Peperangan itu dimenangkan Hang Tuah. Kapten perahu Portugis dan seorang perwiranya
kemudian terjun ke laut, melarikan diri ke Manila, Filipina. Kejadian ini akhirnya dilaporkan
ke pusat kerajaan di Lisabon, Portugis. Ketika kapal-kapal Portugis sampai di perairan
Bintan, Selat Melaka. Raja Syah Alam memerintahkan Maharaja Setia dan Maharaja Dewa
untuk memimpin perlawanan yang berpusat di Laut Bintan.

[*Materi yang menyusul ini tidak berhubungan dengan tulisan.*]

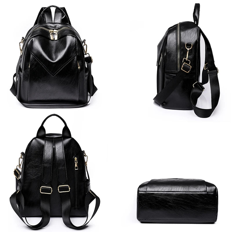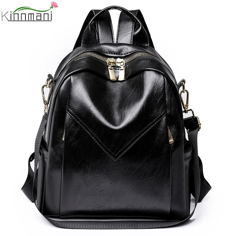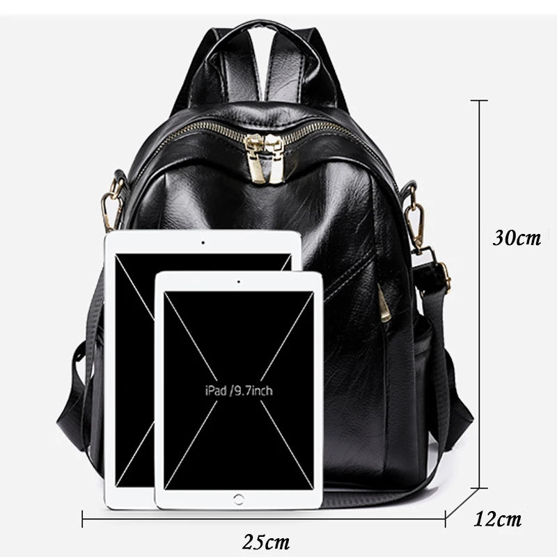 Women Soft Leather Backpack Solid Shoulder Bag High Travel Girl Schoolbag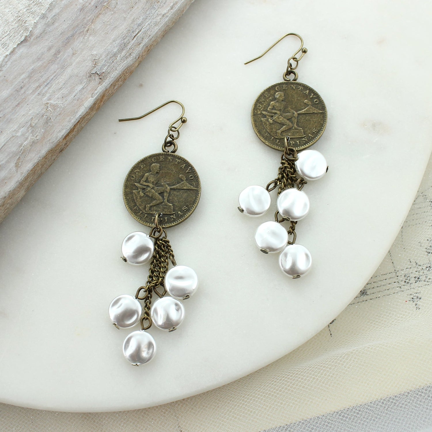 Flat Pearl & Coin Earrings
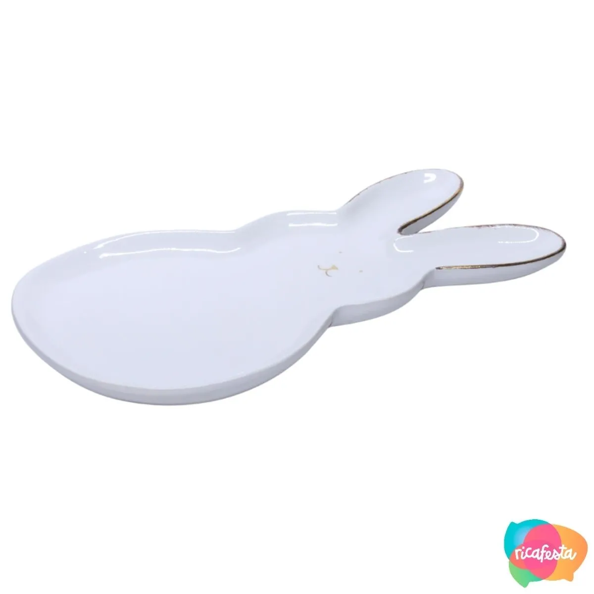 Prato Coelho de Porcelana 28 cm Branco – Decoração e Mesa Posta de Páscoa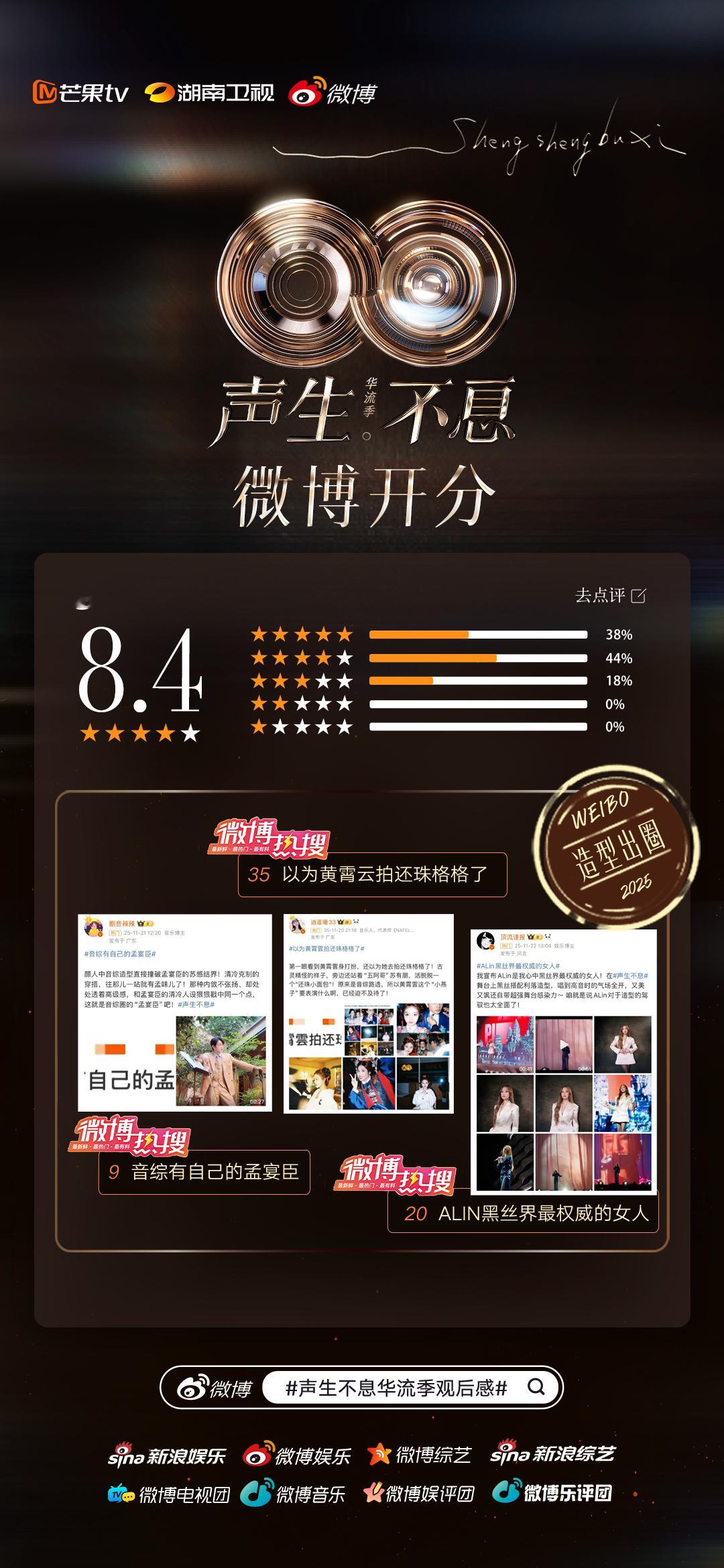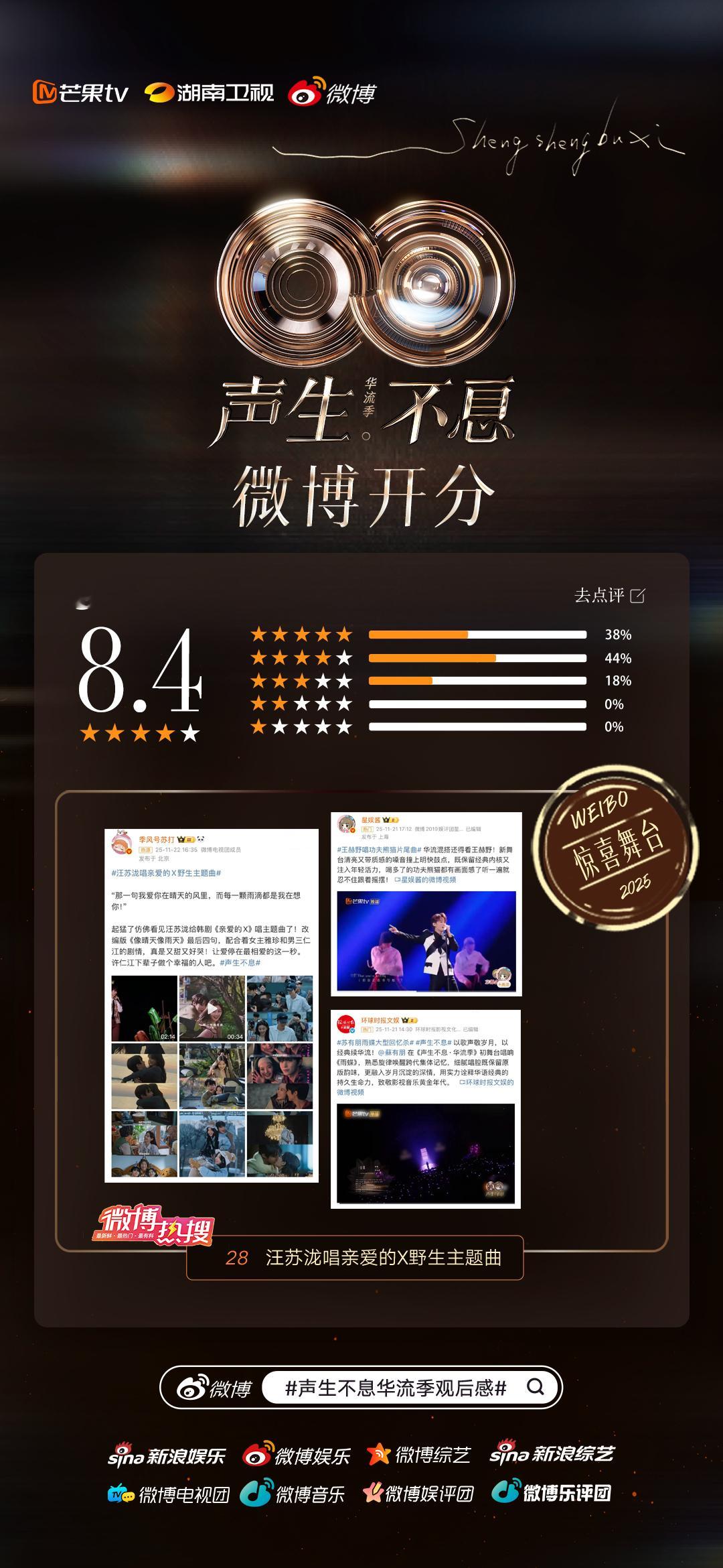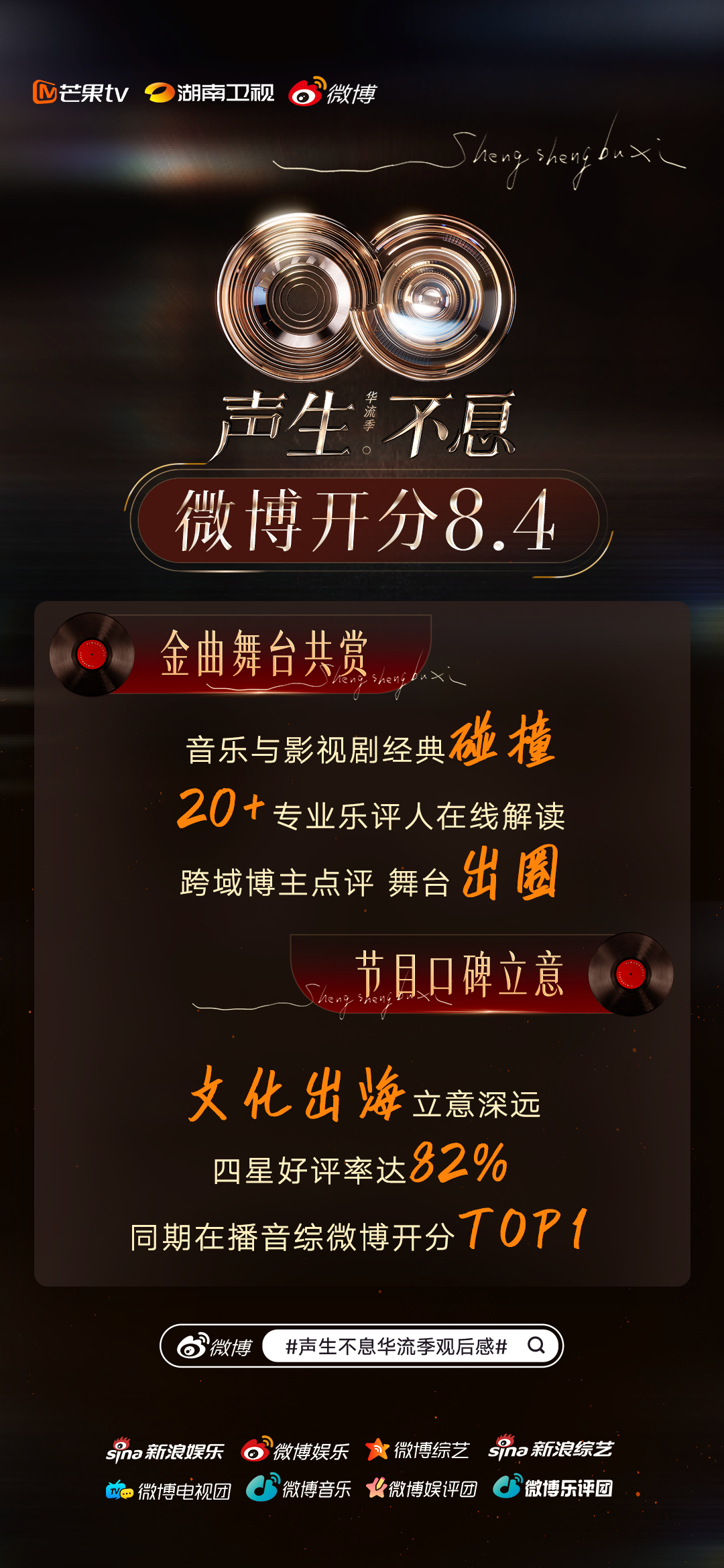 声生不息华流季微博开分8.4 从曼哈顿唐人街的《华人万岁》大合唱,到《爱就一个字》的全场合唱杀,“日月所照,皆有华流”从来不是口号。老中青歌手同台对话,热门金曲与冷门遗珠碰撞,8.4分是听众对纯粹音乐舞台的认可!声生不息声生不息华流季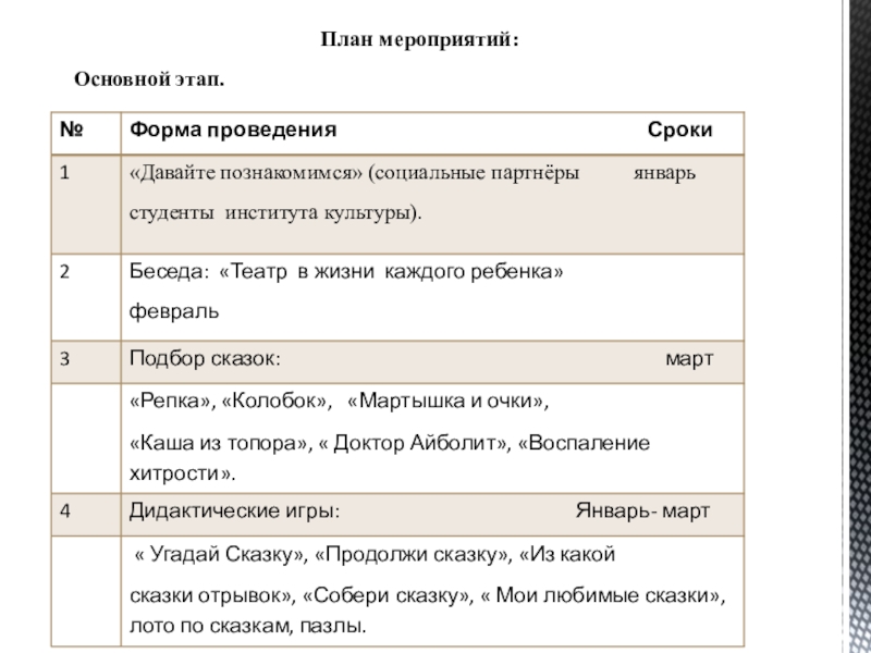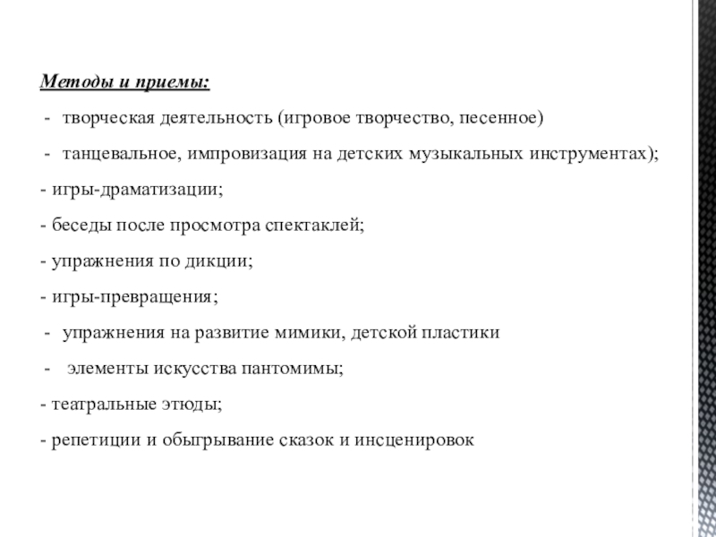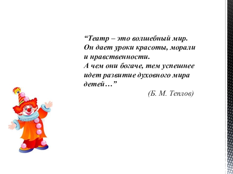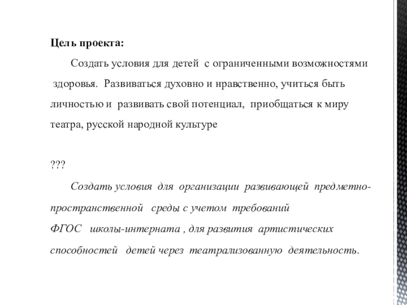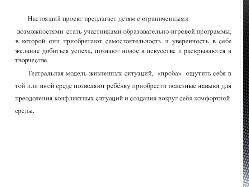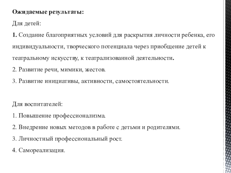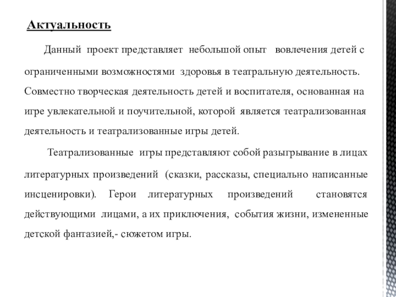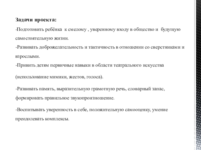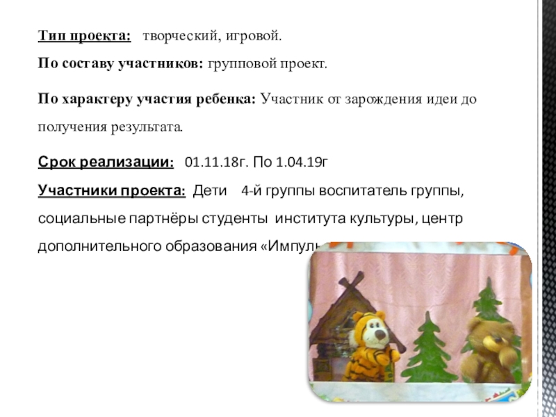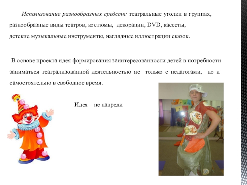 В основе проекта идея формирования заинтересованности детей в потребности заниматься театрализованной деятельностью не только с педагогами, но и самостоятельно в свободное время.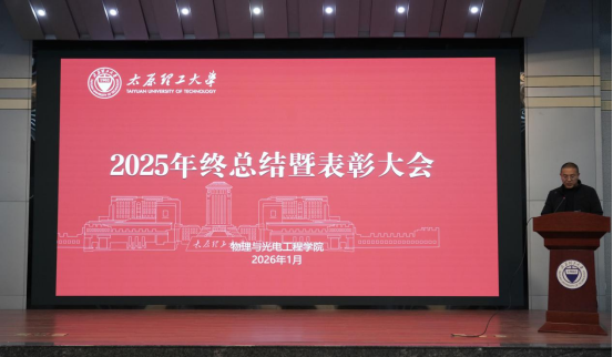 2026年1月23日下午,太原理工大学物理与光电工程学院2025年年终总结暨表彰大会在迎西校区思贤楼三层报告厅举行。学院领导班子成员与全体教职工齐聚一堂,共同回顾过去一年的发展历程,表彰在各项工作中涌现出的先进典型,展望未来奋进方向。会议由党委副书记李巍主持。

Dalam sekejap, Laut Bintan sudah dipenuhi dengan riuh dan gemuruhnya dentuman-
dentuman Meriam dan teriakan para prajurit Melaka dan Portugis. Pasukan Melaka berhasil
menawan beberapa prajurit Portugis dan membawanya ke Melaka. Pasukan Portugis terus
memburu perahu-perahu itu hingga ke perairan ke perairan Melaka. Peristiwa ini diketahui
Bendahara Paduka Raja yang kemudian melaporkannya kepada Raja Syah Alam. Mendapat
laporan Bendahara, Raja Syah Alam segera memerintahkan untuk meminta bantuan Hang
Tuah yang saat itu sedang sakit. Ketika Bendahara Paduka Raja sampai di rumahnya Hang
Tuah terlihat masih lemah. Bendahara kemudian membantu Hang Tuah duduk, lalu
menceritakan ancaman serangan Portugis. Mendengar berita itu, Hang Tuah memaksakan diri
untuk pergi menuju istana. Ketika sampai di istana, ia disambut Raja Syah Alam. Niat itu pun
langsung direstui oleh Raja Syah Alam. Walaupun masih sakit, Laksamana Hang Tuah tetap
memimpin pasukan Melaka. Peperangan dahsyat pun terjadi lagi di Selat Melaka. Dengan
berani, Laksamana Hang Tuah meloncat naik ke sebuah perahu Portugis dan mengalahkan
semua prajurit Portugis yang ada di atasnya. Melihat banyak kawannya yang kalah, enam
perahu Portugis kembali ke pangkalan. Dua Panglima Perang Portugis, Kapitan Gubernur dan
Dong Suala, sangat marah mendengar laporan itu. Mereka kemudian segara membantu
prajuritnya yang tengah berperang di Selat Melaka. Kedatangan bantuan Portugis itu
disambut Hang Tuah dengan tembakan Meriam. Akibatnya, tiang layar perahu Kapitan
Gubernur dan Dong Suala patah. Serangan itu dibalas Kapitan Gubernur yang juga
menyebabkan tiang layar dan kemudi perahu Maharaja Setia patah. Peluru prajurit Melaka
berhasil melukai Kapitan Gubernur Portugis. Ia jatuh terduduk. Beberapa saat kemudian,
prajurit Melaka juga berhasil melukai Panglima Dong Suala.
Walaupun beberapa pemimpinnya sudah tidak berdaya, para prajurit Portugis terus
menembaki perahu-perahu Melaka dengan membabi-buta. Saat itulah, tiba-tiba sebuah peluru
mesiu menghantam Laksamana Hang Tuah. Saat itulah, tiba-tiba sebuah peluru mesiu
menghantam Laksamana Hang Tuah. Dalam pertempuran itu, tidak ada yang menang dan
tidak ada yang kalah. Itulah perang terakhir yang diikuti oleh Hang Tuah. Setelah itu, Hang
Tuah tidak lagi menjadi laksamana. Baginda Raja juga tidak menjadi raja lagi. Ia digantikan
oleh Putri Gunung Ledang, anak dari Baginda Raja sendiri.